A biological feature of RF spirochetes that has been used to speciate the pathogens is vector specificity, which should be considered with B. venezuelensis and B. turicatae. With vector specificity, a given spirochete species colonizes and is transmitted by a given species of argasid tick [84,85,86,87]. We report here that there is a high level of sequence identity between B. turicatae and B. venezuelensis RMA01 despite being isolated from two different tick Ornithodoros species whose known distributions are separated by at least 2,300 km [88, 89]. However, prior to considering B. turicatae and B. venezuelensis as the same species, vector competence studies are needed to determine whether Ornithodoros rudis (the vector of B. venezuelensis) can maintain and subsequently transmit B. turicatae. Similarly, studies would be needed with O. turicata (the vector of B. turicatae) and B. venezuelensis. Collectively, these findings would better define the biological and ecological differences between B. venezuelensis and B. turicatae.
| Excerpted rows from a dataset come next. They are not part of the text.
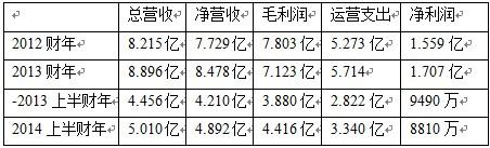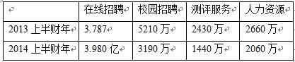 智聯(lián)招聘的財(cái)報(bào)數(shù)據(jù)以截至2012年6月30日的前一財(cái)年、截至2013年6月30日的上一財(cái)年、截至2013年12月31日的本財(cái)年上半財(cái)年為統(tǒng)計(jì)方式,以下簡稱2012財(cái)年、2013財(cái)年、2014上半財(cái)年,單位為元人民幣。
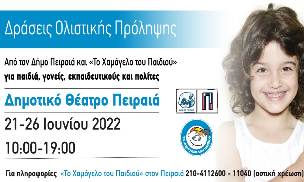 Αναγνωρίζοντας τον καθοριστικό ρόλο της πρόληψης σε κρίσιμους τομείς, που αφορούν στη ζωή και τα δικαιώματα των παιδιών, ο Δήμος Πειραιά και “Το Χαμόγελο του Παιδιού” συνδιοργανώνουν και υλοποιούν δωρεάν Δράσεις Ολιστικής Πρόληψης από 21 έως 26 Ιουνίου 2022 και ώρες 10:00 έως 19:00, στον Προαύλιο χώρο του Δημοτικού Θεάτρου Πειραιά.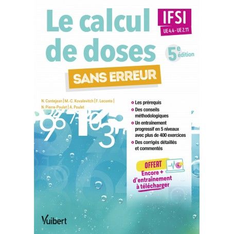 Le manuel "tout-en-un" des étudiants infirmiers pour réussir ses calculs de doses. Etudiants en IFSI, ce livre de méthodologie et d'entraînement est l'outil indispensable pour réussir vos calculs de doses et de débits, et éviter les erreurs durant vos études infirmières et votre pratique. Pour commencer, un point est fait sur les prérequis à maîtriser, puis sont présentées les notions essentielles au calcul de doses : - Un récapitulatif des concepts et calculs mathématiques de base en lien avec la pratique infirmière - Une présentation expliquée et illustrée des matériels d'administration des médicaments - Des conseils simples sur la résolution de problèmes et de nombreux exemple Pour s'entraîner et assimiler l'application pratique de ces notions, des exercices de difficulté croissante abordent successivement : - Les bases mathématiques - La proportionnalité (principe et mise en oeuvre) - Les erreurs typiques à ne pas commettre - Les calculs de doses et de débits - Des situations cliniques issues du milieu professionnel Chaque exercice est corrigé et commenté en détails, mettant systématiquement en avant les méthodologies adéquates à leur résolution.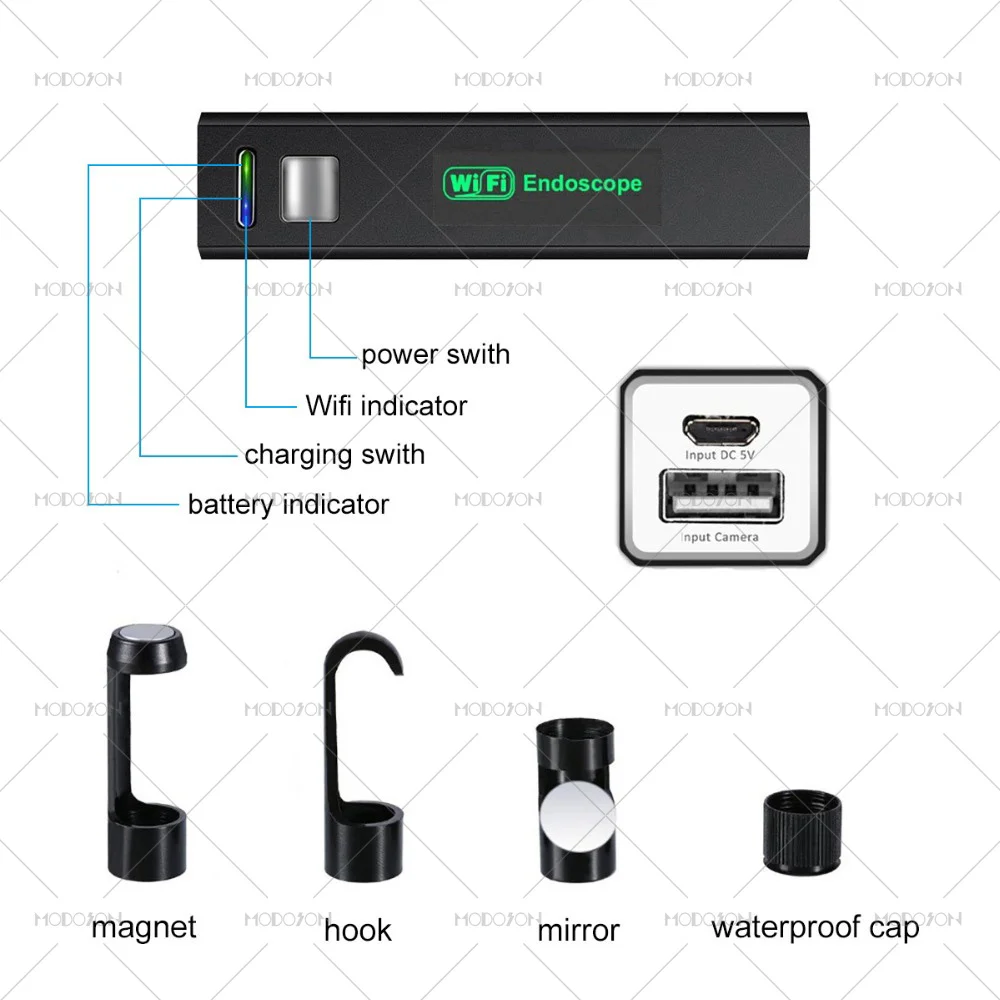 1 * WIFI эндоскоп1 * зарядный кабель1 * Руководство пользователя1 * боковое зеркало1 * магнит1 * крючок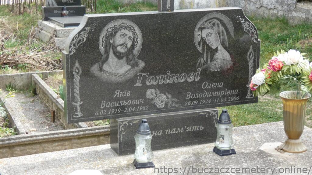 Напис: Голікові/ Яків Васильович 6.02.1919-2.04.1982/ Олена Володимирівна 26.09.1924-11.03.2006/Вічна пам’ять/

Limitations of this work include the small number of species in this clade and shortcomings with the software used in the analyses. RF has been reported in Mexico [90,91,92], Central America [93,94,95], and throughout South America [96,97,98,99], yet we only had two representative species from Latin America [9, 15]. Furthermore, the genome assembly software used was not designed necessarily for covalently closed linear replicons [100]. As a result, borrelial genome assembly is labor intensive and can result in errors [24, 101, 102]. We mitigated assembly errors by implementing quality assessment steps utilized by Kuleshov and co-workers [25], and incorporated a new tool, Merqury [103]. Annotation was also complicated by the lack of characterization for many borrelial proteins resulting in many genes being classified as “hypothetical proteins” or “domain of unknown function-containing proteins”. Another annotation/gene classification shortcoming was found in the classification of pseudogenes (e.g. B. hermsii lp73 and lp89, bhYOR_001322 and bhYOR_001456) and subsequently when analyzing the InterProScan data for pseudogenes. There were instances where InterProScan analysis failed to classify plasmid partitioning pseudogenes that the annotation software had classified. Lastly, the number and diversity of the borrelial paralogs complicates proper estimation of the core and accessory genomes. Regardless, the completed chromosome and plasmid genomes enabled an informative comparative genomics analysis on the WHsTBRF clade.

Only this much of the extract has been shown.